Authentication with Google ID tokens

Preview

This feature is in Private Preview.

To authenticate to and access Databricks REST APIs, you have two options:

  • Databricks personal access token to access a workspace. See Authentication using Databricks personal access tokens. You can use these for workspace-level REST APIs only.

  • Open ID Connect (OIDC) token to access any REST API. For Account API 2.0, OIDC token authentication is the only supported authentication type. Only for the Account API 2.0, you also must create and provide a secondary type of token called a Google Cloud OAuth access token with each request.

OpenID Connect (OIDC) tokens are an open standard to support authentication. OIDC 1.0 is a simple identity layer on top of the OAuth 2.0 protocol. It allows clients to verify the identity of users based on authentication that is performed by an authorization server. It also gets basic profile information about the user in an interoperable and REST-like manner. OIDC tokens by default have a one hour expiry. On Google Cloud, Databricks REST APIs only support Google-issued OIDC tokens, commonly known as Google ID tokens.

For account-level APIs such as Account API 2.0, you need two tokens to make an API request: a Google ID token and a Google OAuth access token with the cloud-platform scope. The Google OAuth access token is a Google-issued authorization token that allows the Account API to access your Google Cloud resources on your behalf, such as creating a GKE cluster to run your workspace.

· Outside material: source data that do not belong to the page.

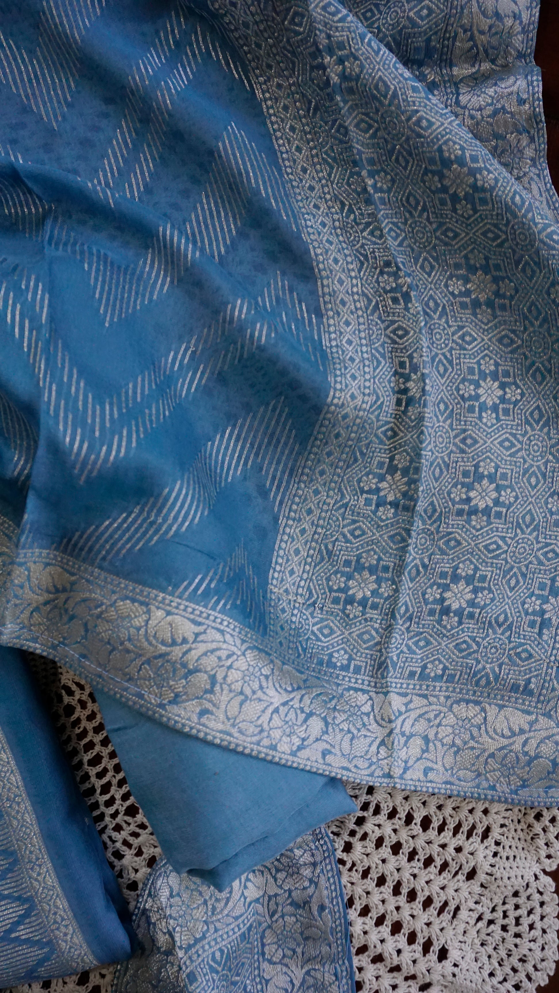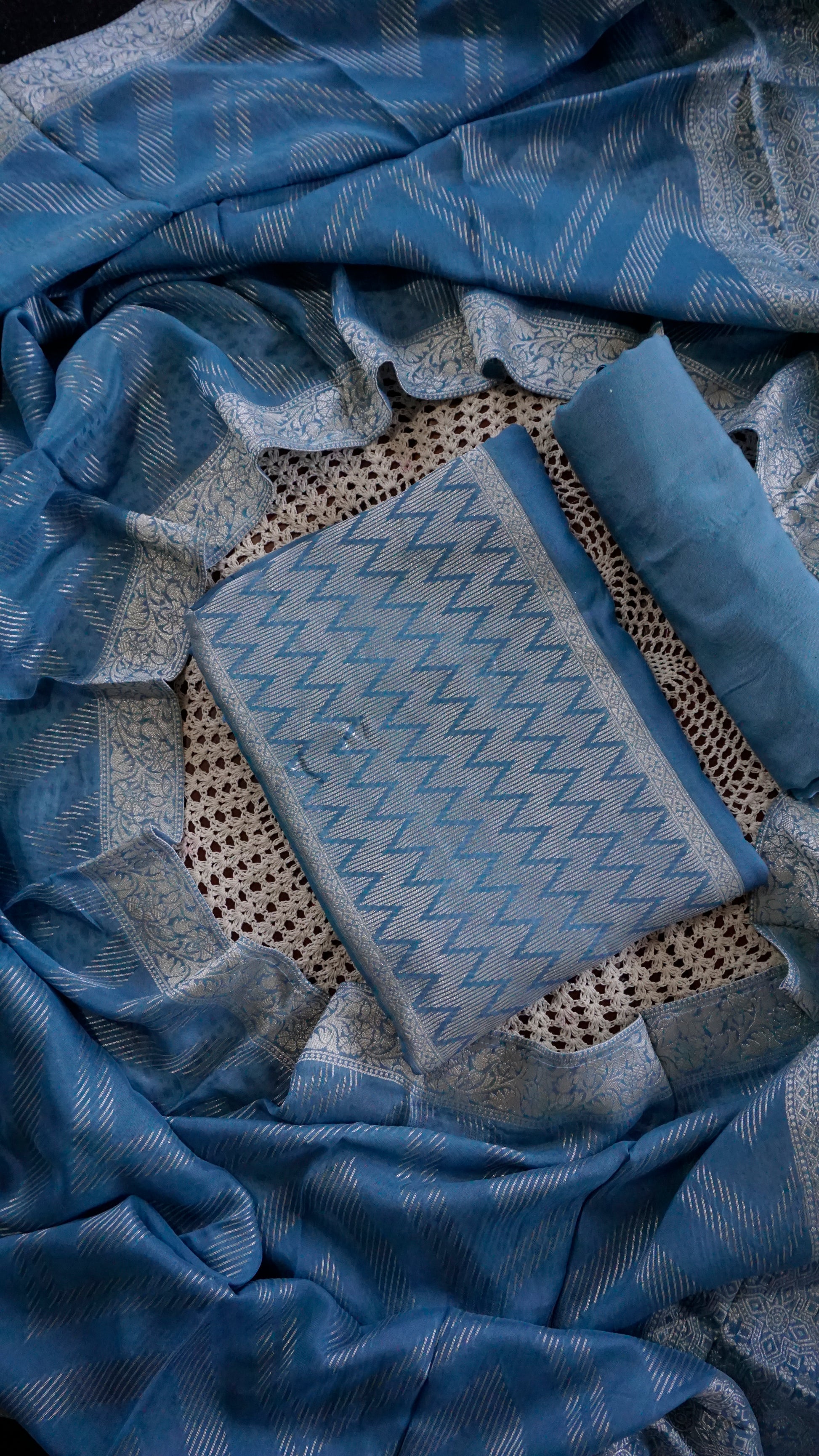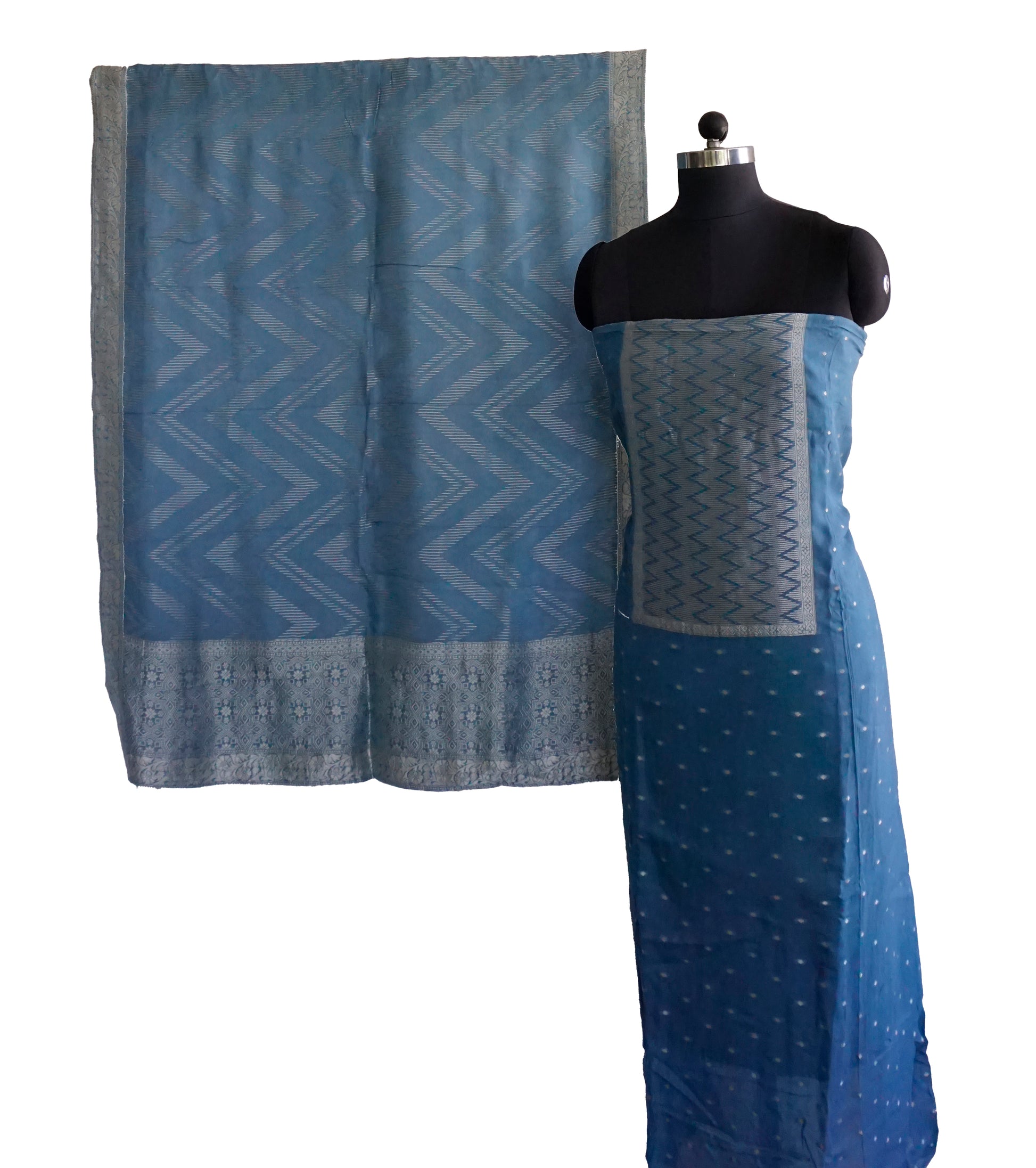 The top fabric features intricate zari detailing, paired with a soft plain matching bottom and a beautiful woven Banarasi dupatta that elevates the entire outfit.
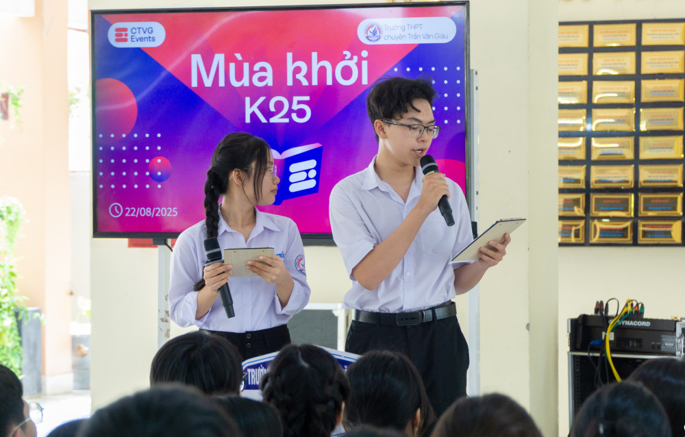 Students of Tran Van Giau High School for the Gifted (Long An ward) participate in activities at the beginning of the school year
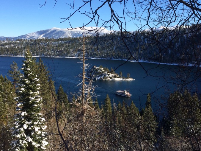 If you look closely you can see the tiny tea house built atop the island in Emerald Bay where the original owner would frequently visit many years ago.
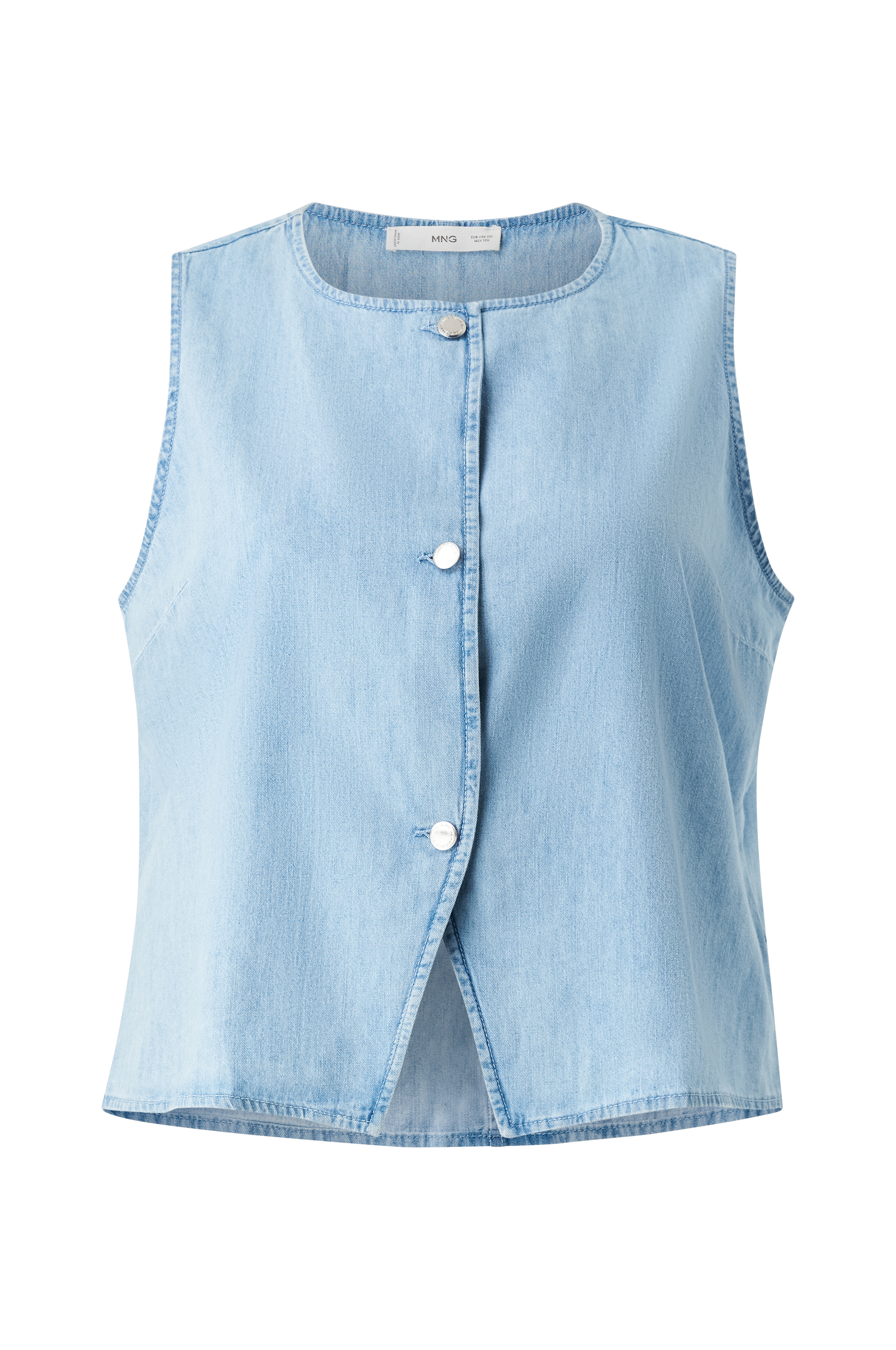 • Ermløs topp i denim• Rund hals• Knappstolpe hele veien fram• Plusstørrelser
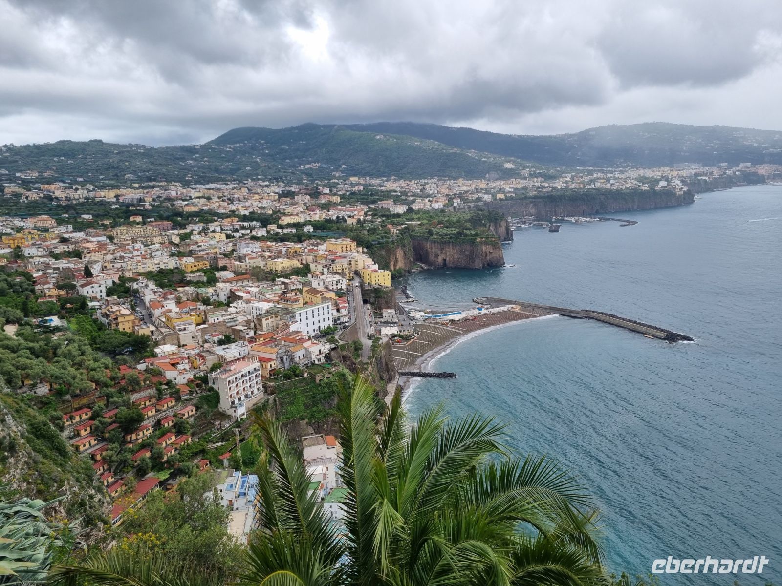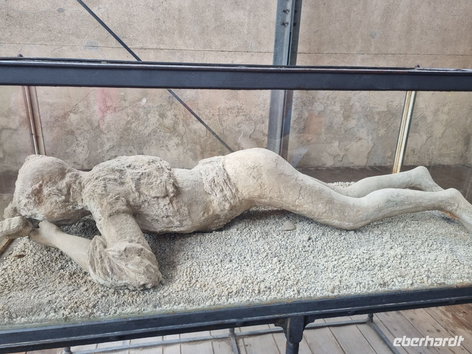 Heute hieß es leider schon „Arrividerci Roma" – wir fuhren weiter südwärts und zwar in Richtung Neapel. Leider versprach die Wettervorhersage nichts Gutes, denn es regnete... Schon von weitem sahen wir, dass der heutige Vesuv eigentlich zwei Gipfel hat, nämliche den Monte Somma, den Rest des alten Vesuv, der beim Ausbruch 79 n. Chr. regelrecht explodiert ist und den 1.281 Meter hohen eigentlichen Gipfel des Vesuvs. In Torre del Greco verließen wir die Autobahn und unser Bus brachte uns nun bis auf knapp 1.000 m hinauf, die restlichen etwa 300 Höhenmeter muss man dann schließlich zu Fuß zurücklegen. Leider kam es so wie bereits geahnt, denn der Wanderweg zum Vesuv war heute aufgrund der schlechten Witterungsbedingungen gesperrt und wir konnten somit nicht an den Krater heran. Sicherheit geht eben vor und die Situation war nicht zu ändern! Am frühen Nachmittag erreichten wir dann das nahe gelegene Pompeji, wo wir unsere nette Reiseführerin Fiorella trafen. Glücklicherweise ließ der Regen jetzt zeitweise nach und so erfreuten wir uns am weiteren Besichtigungsprogramm. Die archäologische Zone von Pompeji ist heute ein riesiges Freilichtmuseum römischer Lebensweise. Es ist eine Stadt, die innerhalb von Stunden von ihren Bewohnern verlassen wurde und dann bis zu ihrer Ausgrabung keine Veränderung mehr erfuhr. Mit der Katastrophe des Jahres 79 hatte niemand gerechnet. Das schwere Erdbeben 16 Jahre zuvor signalisierte zwar nach heutigen Erkenntnissen wahrscheinlich das Ende einer langen Ruhephase des Vulkans, denn auch in späterer Zeit waren Ausbruchsperioden fast immer von Erdbeben begleitet oder vorangekündigt. Das ausgegrabene Pompeji zeigt deutliche Spuren des Erdbebens und überall in der Stadt weisen Mörtelhaufen und Baumaterial auf den noch andauernden Wiederaufbau hin. Es ist für uns heute unvorstellbar, aber man muss sich vorstellen, dass im Jahre 79 der obere Teil des Vesuvs unter dem Druck der aufsteigenden Gase regelrecht explodierte. Über dem Berg stand eine riesige, wie eine Pinie geformte Aschenwolke, die dann auf die Umgebung, besonders auf Pompei niederregnete. Der Untergang Pompejis erfolgte also keineswegs innerhalb von Minuten, sondern dauerte Stunden und Tage, so dass mit Sicherheit der größte Teil der Einwohner zumindest das nackte Leben retten konnte. Schließlich erstickten hochgiftige Gase und die sich meterhoch auftürmenden heißen Vulkanaschen alles Leben. Was jetzt noch an lebenden Wesen zurückgeblieben war, wurde von der Asche wie von einer Gussform eingehüllt, Fleisch und Knochen verbrannten und wurden von ätzenden, scharfen Mineralsalzen zerfressen – ein Hohlraum entstand. Während der Ausgrabungen wurden viele dieser Hohlräume mit Gips ausgegossen und wir haben heute ein makaber-plastisches Bild des Todeskampfes der Zurückgebliebenen: Hunde, Gefangene, Zögernde, die noch möglich viel von ihrem Besitz retten wollten, wahrscheinlich auch Plünderer. Pompei ist einzigartig – wir gingen durch Straßen, an Geschäften, Restaurants und Bädern vorbei... Nach dieser interessanten Führung in Pompeji brachen wir in Richtung Sorrentinische Halbinsel auf. Hier checkten wir im Hotel "Montana" in S. Agata, nahe Sorrent, für die nächsten vier Nächte ein.
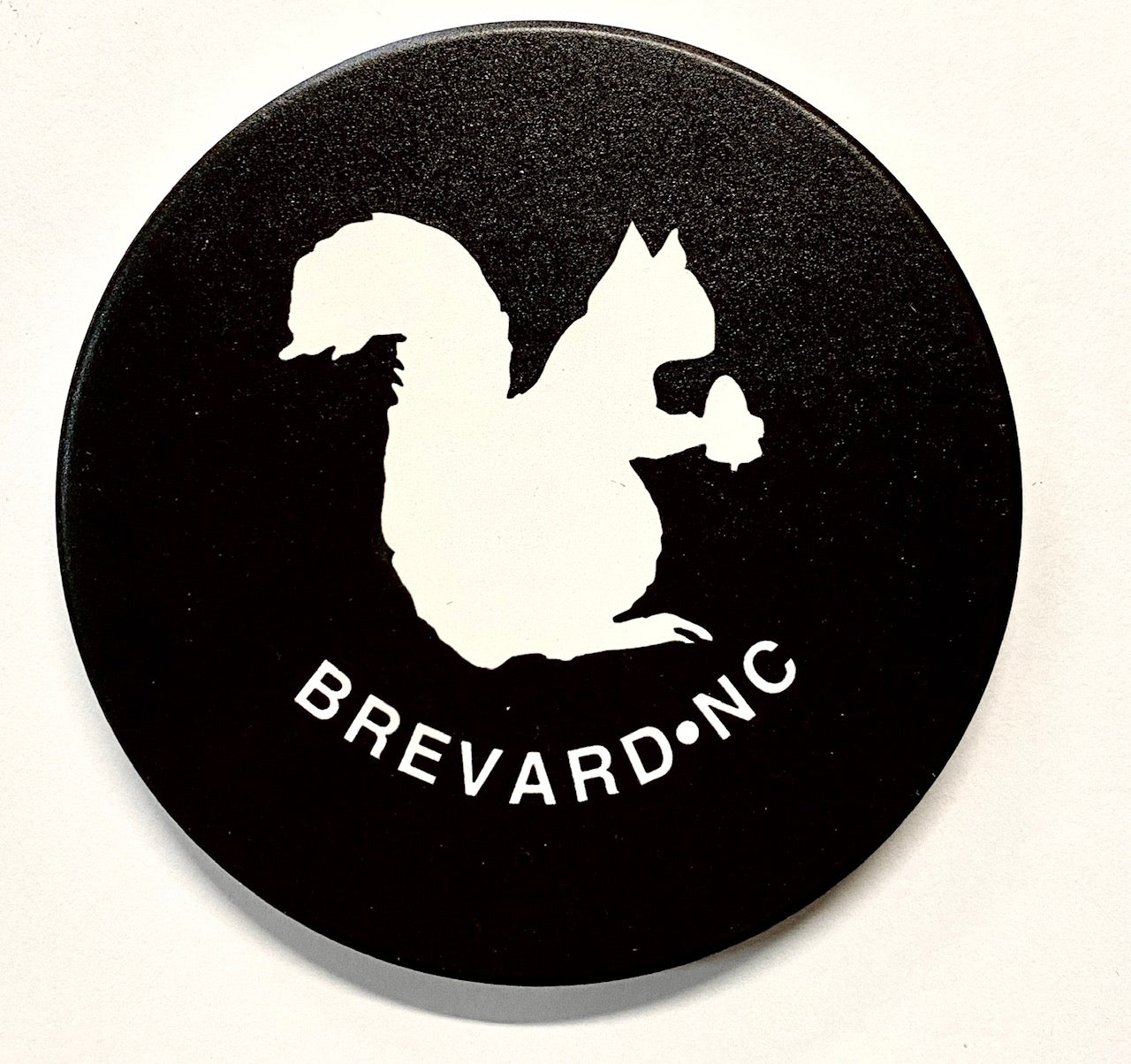 This 4" ceramic absorbent coaster has a white squirrel design with Brevard, NC. It has a cork backing so it will not scratch your furniture. It totally absorbs liquid.

This article describes the steps to authenticate to Databricks REST APIs using Google ID tokens and Google OAuth access tokens and how to create the required Google Cloud service accounts and generate tokens for these accounts. A single Google ID token can be used for account-level APIs or workspace-level APIs, but cannot be used for both purposes. The steps for setting up tokens for workspace-level and account-level APIs are the same for most steps, and the important differences are called out in the instructions.

For a production environment, Databricks strongly recommends that you use two service accounts to work with Databricks REST APIs.

  • Create one service account (SA-1) to run your workloads.

  • Create another service account (SA-2) to hold permissions to your Databricks and Google Cloud resources.

  • Grant SA-1 permission to impersonate SA-2 to call Databricks REST APIs.

With the impersonation model, one team can manage your workload security, and another can manage your resource security. Because you only grant the impersonation permissions as needed, this approach offers security and flexibility for your organization.

This article describes how to perform these steps for production use, but you can adapt these instructions for non-production use. For non-production prototypes and testing, you can use your Google user account to impersonate SA-2 or use one service account for both SA-1 and SA-2.

Step 1: Create and configure two service accounts

  1. Create two new Google Cloud service accounts. Follow the instructions in the Google article Creating a service account. To use the Google Cloud Console, go to the Service Accounts page and choose a Google Cloud project to create it in. The Google Cloud project in which you create these service accounts does not need to match the project that you use for Databricks workspace, nor do the new service accounts need to use the same Google Cloud project as each other.

    • Token-creating service account (SA-1): This service account automates creation of tokens for the main service account. These tokens will be used to call Databricks REST APIs. Google documentation calls this SA-1.

    • Main service account for Databricks REST APIs (SA-2): This service account acts as a principal (the automation user) for Databricks REST APIs and automated workflows. Google documentation calls this SA-2.

    Save the email address for both service accounts for use in later steps.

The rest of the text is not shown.